October 5, 2002:
Partial catalog of her fears:
- Water shortage. California faces massive death and destruction from immanent breakdown of the aqueducts.
- Authority. Cop behind every tree. Once insisted I was in danger of being ticketed because my windshield needed cleaning. This was a matter of some anxiety to her: the fine I'd have to pay for the dirty windshield.
- Identity theft. Drove her to buy a new television: she felt that carrying $700 cash was less risky than paying by credit card. Conversation that day: "I've been thinking of taking out an insurance policy against identity theft."
- Carjacking. White-knuckle panic if the doors aren't yet locked before we leave the garage.
- Car theft. Stopped shopping at Stonestown, five minutes away, after reading that Stonestown's parking lot has the highest incidence of car theft of all Bay Area malls. Drives to Hillsdale instead, 30 minutes. Context: her car's a 1988 Honda hatchback with a rusted-through roof and two inches of cigarette ashes coating the interior. Asked her whether poorly-maintained 1988 Honda hatchbacks are popular targets for car thieves. Didn't follow the question.
- Flying. The 9-11 events now provide rationalization, but this was always the case. She feels it's safer to drive from San Francisco to Seattle than to fly. Context: she's become so physically weak she can no longer carry a purse. Yet she believes she's safer fifteen hours behind the wheel than 90 minutes in an airplane seat.
- Life near the ocean. "I don't want the thirty-five-mile-an-hour crosswinds blowing through the house.." The what? As though California were the Arctic Circle.

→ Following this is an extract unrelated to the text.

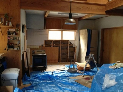 I邸リフォーム現場です。 リビングルームは養生シートに覆われて、暫く暖かい団欒とは 無縁の避難生活をしなければなりません。これはリフォームをされる お客様にとっては避けて通れないところです。考えようによっては 外食も出来るし、コンビニ弁当で済ましたり、銭湯へ通ったり、 変化のある生活も楽しめます。 バスユニットを取り外しているところです。築19年の重みが ところどころ伺えます。 以前巣を作っていたスズメバチの巣がバスユニットの天井裏に 残っていました。スズメバチが生...

Newspapers pander to these artificial anxieties for the same purpose as Madison Avenue: sell product. Something of her inability to rationally calculate risk follows from the mediocrity of her news sources: the local San Francisco papers, before them the local San Diego papers.
Is that all? No. Her loneliness surely contributes. She's the most self-isolated person in the world. Just like her girlhood, locked in the closet. Now in retirement her apartment is merely a larger room.
Sometimes I feel her fearfulness leads me toward foolhardy behaviors.